Поперек опрокинутого треугольника ущелья высоченной насыпью проходила железная дорога, двухарочным мостом упираясь в самую горловину ущелья. Это было красиво, но это что! Это ерунда! Вот что было дальше, за полотном, за ущельем! Там было одно сплошное белое ничто!

В учебнике географии для пятого класса я уже видел картинку, как представляли себе древние конец света. Чудак, высунув голову, видит за пределами мира хаос в виде разбросанных вещей и предметов. Ужасно нелогично: какой же это конец света, если там еще что-то есть! Если бы конец всего действительно существовал, то он бы должен выглядеть именно так — сплошным белым ничто. Конечно, я не первую минуту жил на свете и догадался, что это туман! Но какой это был туман! Ведь чаще всего туман бывает клочьями, сгустками, полосами; здесь же ровное белое молоко, оставив в отчетливой яркости контуры склонов ущелья, сплошь до самого неба растворило в себе все, что за ним было, и пребывало в покое, который, если абсолютный, то тоже, наверное, есть ничто...

По небу можно было проследить, где оно еще было голубым, где начинало блекнуть и где исчезало полностью, сливаясь с отсутствием пространства за какой-то неощутимой чертой реальности.

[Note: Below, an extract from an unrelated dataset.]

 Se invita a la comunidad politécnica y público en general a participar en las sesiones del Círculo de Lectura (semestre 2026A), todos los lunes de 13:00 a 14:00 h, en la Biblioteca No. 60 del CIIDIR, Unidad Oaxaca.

Ничто было рядом. До моста метров семьдесят! И тут, забыв страх высоты и крутизны, я буквально помчался вниз со скоростью падения, и, хотя меня по пути крутило, подкашивало, швыряло то на бок, то на спину, я все же даже ссадины не получил, то есть спустился, как по воздуху, в одно мгновение; возможно, это было то самое редчайшее мгновение, когда душа обретает крылья!

По камням вдоль речки, все так же не останавливаясь, я влетел под мост, и тут меня настиг поезд. Грохот влетевших на мост вагонов оглушил меня, и я даже присел в ужасе. Бетонные стояки моста сотрясались и гудели, и что-то сыпалось сверху в проем между путями, и в эти проемы, задрав голову, я видел пролетающие вагоны и сам себе казался самоубийцей.

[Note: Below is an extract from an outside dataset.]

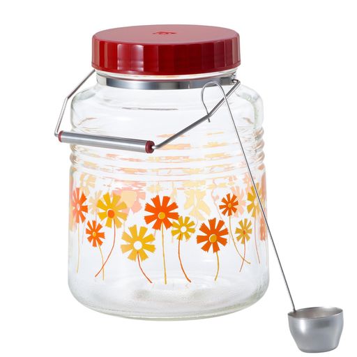 果実酒瓶 梅酒びん 4リットル 大容量 おしゃれ 取手付き 【 MCコンテナー 4L 】 持ち手付 ガラス アデリア レトロ 石塚硝子 手作り 果実酒 びん 貯蔵瓶 ステンレス蓋 丸型 日本製 ボトル インテリア 梅干し ピクルス らっきょう漬け カンロ杓子 レードル 付き

Поезд отгрохотал, а мост все еще дышал эхом этого грохота,

Я наконец пришел в себя и опрометью кинулся прочь из-под моста навстречу и в самые объятия чудесному туману. От моста пробежал не более двадцати шагов, как вдруг ноги мои обожгло. Не сообразив сразу, в чем дело, нагнулся и только тогда увидел воду. Когда же сделал несколько шагов назад, посмотрел перед собой и опять ничего не увидел, кроме белого тумана перед собой и везде впереди. Тогда я опустился на корточки и шажками стал подкрадываться к воде и обнаружил ее, притворившуюся тонким, светлым стеклышком. Зрение она могла обмануть, но осязание — нет! И когда я осторожно дотронулся до нее пальцами, она, словно устав от притворства, охотно расступилась, пропустив пальцы в свой нелетний холод, но замкнулась в стекло тотчас же, как только я убрал руку.

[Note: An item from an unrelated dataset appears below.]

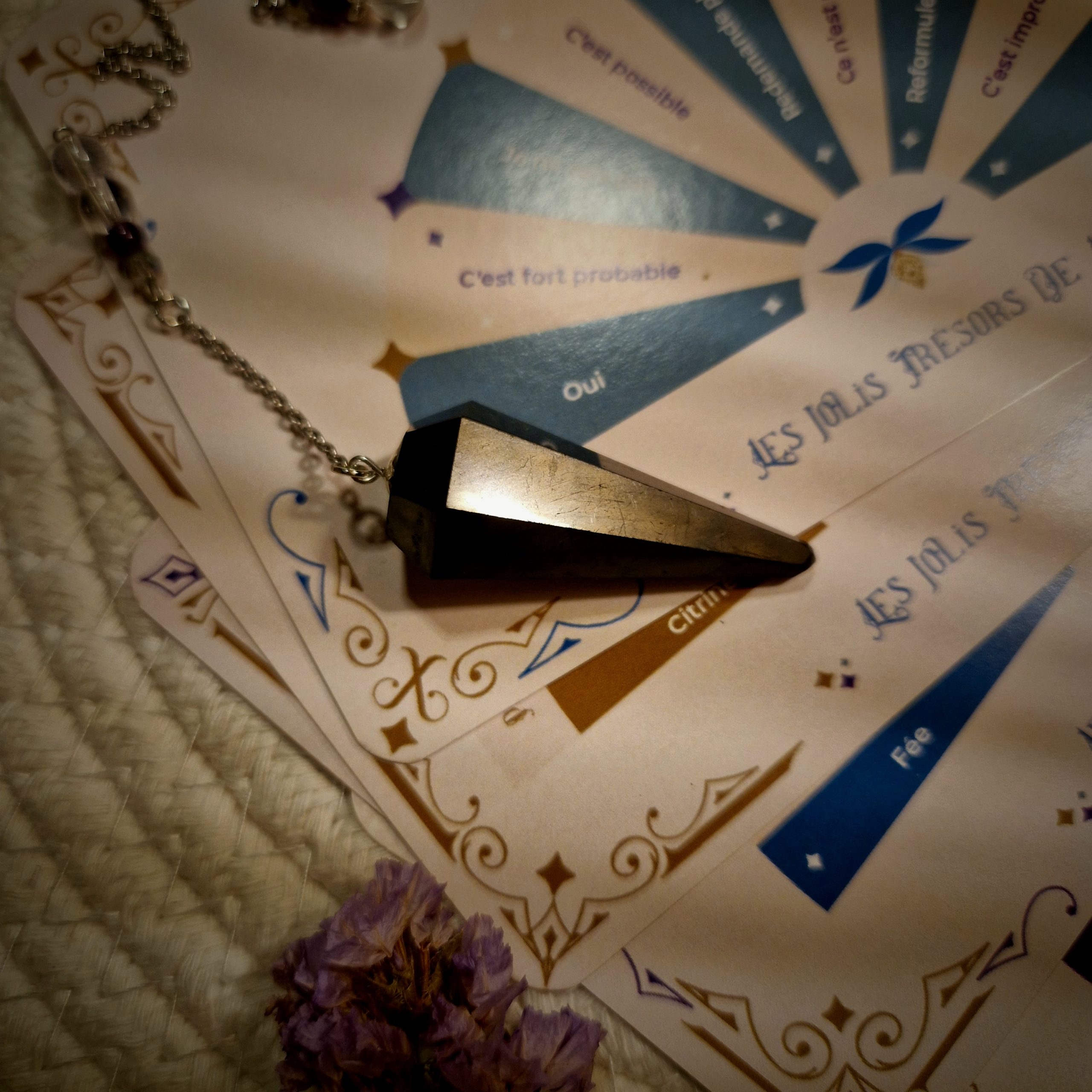 Explorez l’univers envoûtant de la divination grâce à ce magnifique pendule en shungite conçu tout spécialement pour vous accompagner dans votre quête spirituelle.

Долго я сидел на корточках и рассматривал камешки под стеклом, иногда вынимая тот или другой, словно проверяя, такие ли они в действительности, как видятся. Когда я поднял глаза, туман уже отступил достаточно далеко, хотя все еще стоял сплошной белой завесой, но все же отступал он уже прямо на глазах, и передо мной все больше и больше открывалось застекленное пространство, ни малейшим движением, ни единой морщинкой не выдававшее своей подлинной сути. И чем больше пространства открывалось впереди, тем упорнее создавалось впечатление громадного, бесконечного стекла, от ног моих уходившего к небу и перекрывшего всю остальную землю.

Стекло — это хрупкость! Жажда познания выявляется у детей потребностью проверки качества предмета, и я, нагнувшись, взял в руку большой камень. Притом ощущение было такое, будто стою перед окном с хулиганским помыслом. Помысел оказался непреодолим, и, размахнувшись, я кинул камень как мог дальше. Раздался типичный треск разбитого стекла, полетели вверх осколки, пошли круговые трещины, расходясь в стороны, как борозды грампластинки. Первая, самая крупная борозда достигла меня и укоризненно облизнула мои и без того уже мокрые ботинки. Но через мгновенье от моего хулиганства не осталось и следа, след от удара зарос гладким, спокойным стеклом, как будто ничего не случилось. Если бы окна домов обладали тем же свойством, насколько счастливее было бы детство мальчишек!

— И совсем не далеко! — раздался за моей спиной девчоночий голос. — Я дальше могу!

Обернувшись, я увидел двух девчонок. Одна была моего возраста, другая лет пяти, но будто уменьшенная копия первой. Обе были светловолосые, курносые и веснушчатые.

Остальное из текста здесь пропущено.